As noted earlier regarding PepsiCo’s HealthRoads, one strategy is for corporations to brand their Employee Wellness . Union Pacifi c Railroad (HealthTracks), General Motors (LifeSteps) and Caterpillar (Healthy Balance) all adopted this approach to help create recognition and a larger meaning around their efforts. Having a branded initiative helps employees and other stakeholders see the larger objectives and goals of the Employee Wellness , instead of focusing on isolated offerings.
Say it loud, say it proud – As a potential cost-saving initiative, Employee Wellness should be given the same executive substructure and internal commitment as any comparable business effort. Companies should not approach wellness as simply a preventive, financially-motivated program, but rather as an opportunity for the business to distinguish itself and become more competitive.

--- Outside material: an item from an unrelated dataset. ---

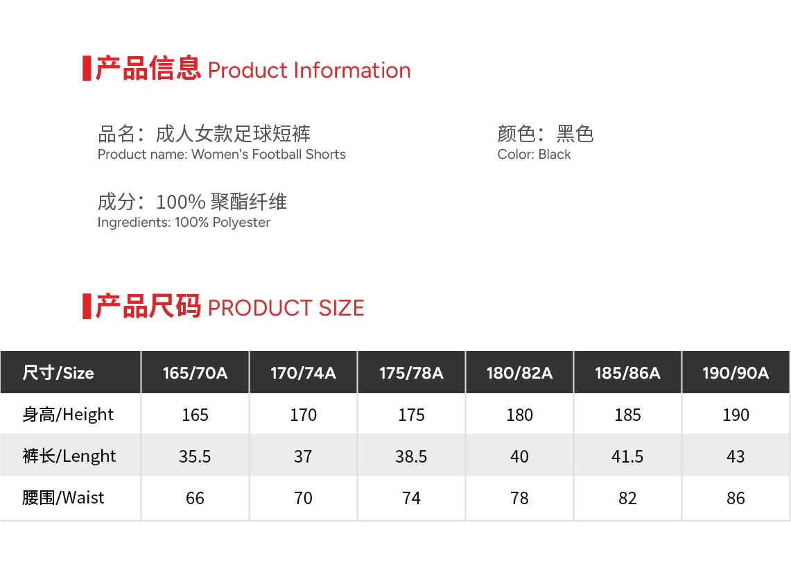 Size 165 or 170 or 175 or 180 or 185 or 190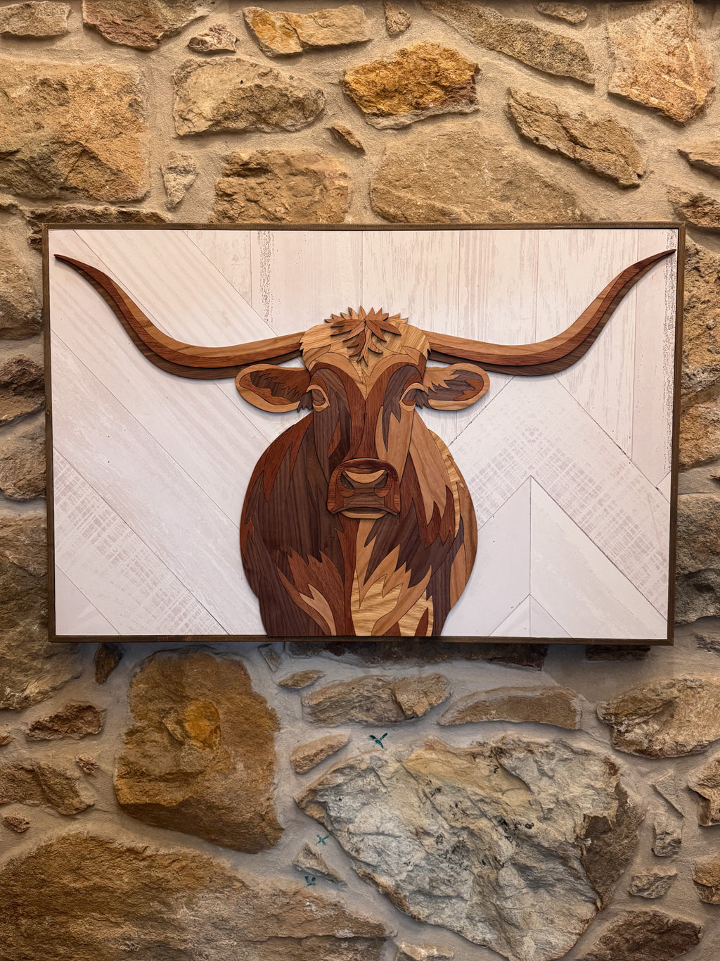 This piece is made up of six wood species, including mahogany, walnut, cherry, maple, red oak and white oak. There are 91 cut pieces that have been hand sanded, cleaned and oiled to bring out the woods natural beauty. Each piece is then carefully hand placed to create beautiful artwork through segmentation.

Jeffrey Treem, analyst, Edelman Change and Employee Program Engagement Group, says that effective communication about Employee Wellness should be integrated into existing business communication channels and vehicles. “This comprises executive communication to external stakeholders,” he notes, “because this sends a powerful message back to employees about the priority of the programs. Employee Wellness should not be treated as merely an additional employee perk, but rather a progressive and strategic effort to lower costs and create a healthier work environment.” Talk among yourselves – The most powerful champions of any Employee Wellness will be the participants.
Companies should find ways to facilitate discussions about the program among employees. This could take the form of support groups, interactive media and the sharing of success stories.
However, since Employee Wellness touch on potentially private health problems, it is significant communication remains positive and inclusive, while not pressuring employees. Discussion of wellness problems should be voluntary, though corporations may consider providing incentives/rewards for those willing to contribute. Motivation and information from peers is likely to carry more credibility and significance than messages from management.